**What you are asked to do**
It is required that the lines from the top of the listing through the line with "ヒーロー風カッコイイあだ名 | 『スーパータナカヒロシ』『暗黒騎士タナ』 |" be reproduced exactly, excluding pictures.

**Records for the task**
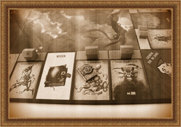 Plötzlich drehte sich der Dolch und zeigte auf die Würfel, welche gerade von Cthulhu geworfen wurden. Die Augenzahl 11 veränderte sich auf 9 und anstatt auf ein eigenes Feld zu kommen, zog die Spielfigur wie von Geisterhand auf ein Feld unseres Helden. Auch wenn er dadurch nicht viel Geld bekam, so war dies nur der Anfang.
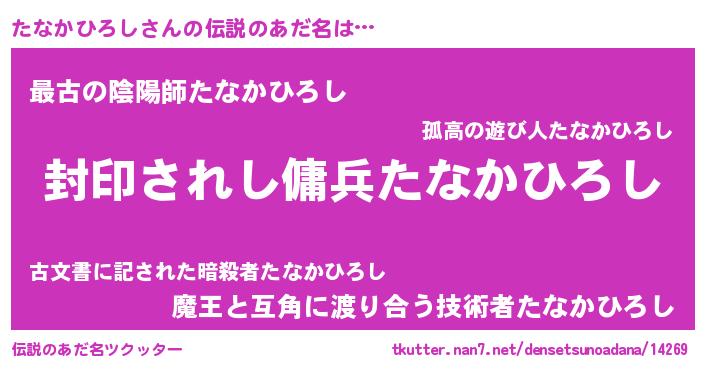 | ヒーロー風カッコイイあだ名 | 『スーパータナカヒロシ』『暗黒騎士タナ』 |
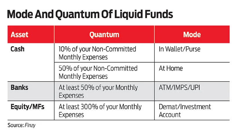 Here is the mode and quantum of liquid funds that one must have access to in order to feel monetarily secure about unplanned situations.
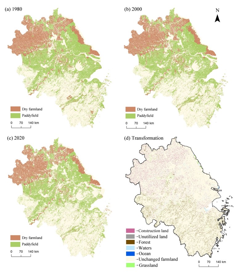 韩沂芮为第一作者,袁佳轩为参与作者发表的论文题目为“Estimation of Grain Crop Yields after Returning the Illegal Nurseries and Orchards to Cultivated Land in the Yangtze River Delta Region”(Land;论文链接//www.mdpi.com/2073-445X/11/11/1993)。该论文针对新冠疫情、贸易限制和俄乌冲突引起的全球粮食价格上涨,我国粮食安全突出的问题,从遏制耕地“非农化”、防止耕地“非粮化”的国家重大关注为对象,研发了估算长三角地区耕地转化为果园和苗圃面积的方法,得出长三角地区近40年耕地面积下降了11.8%;针对“退林还田”政策实施面临的难题,提出可以通过农业合作社、政策鼓励年轻人回村务农、允许社会资本开展“退林还田”等措施解决农村劳动力老年化的问题;利用模型预测得出,如果实施“退林还田”政策,长三角地区新增粮食将养活2800~2900万人。
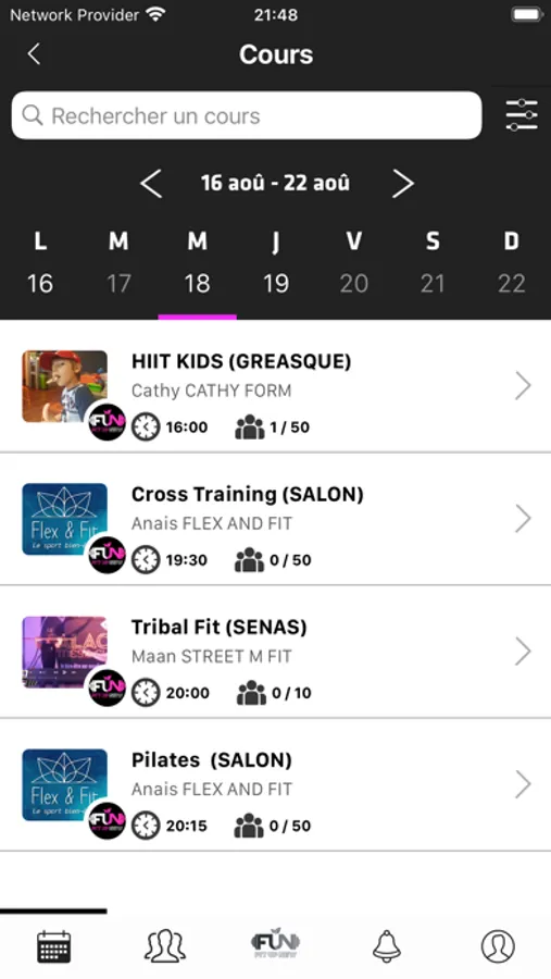 Réservation de votre place sur nos évènements, nos cours collectifs ou individuels de Fitness, nos lives, nos visios, à distance ou en présentiel...

**Your response**
 Plötzlich drehte sich der Dolch und zeigte auf die Würfel, welche gerade von Cthulhu geworfen wurden. Die Augenzahl 11 veränderte sich auf 9 und anstatt auf ein eigenes Feld zu kommen, zog die Spielfigur wie von Geisterhand auf ein Feld unseres Helden. Auch wenn er dadurch nicht viel Geld bekam, so war dies nur der Anfang.
 | ヒーロー風カッコイイあだ名 | 『スーパータナカヒロシ』『暗黒騎士タナ』 |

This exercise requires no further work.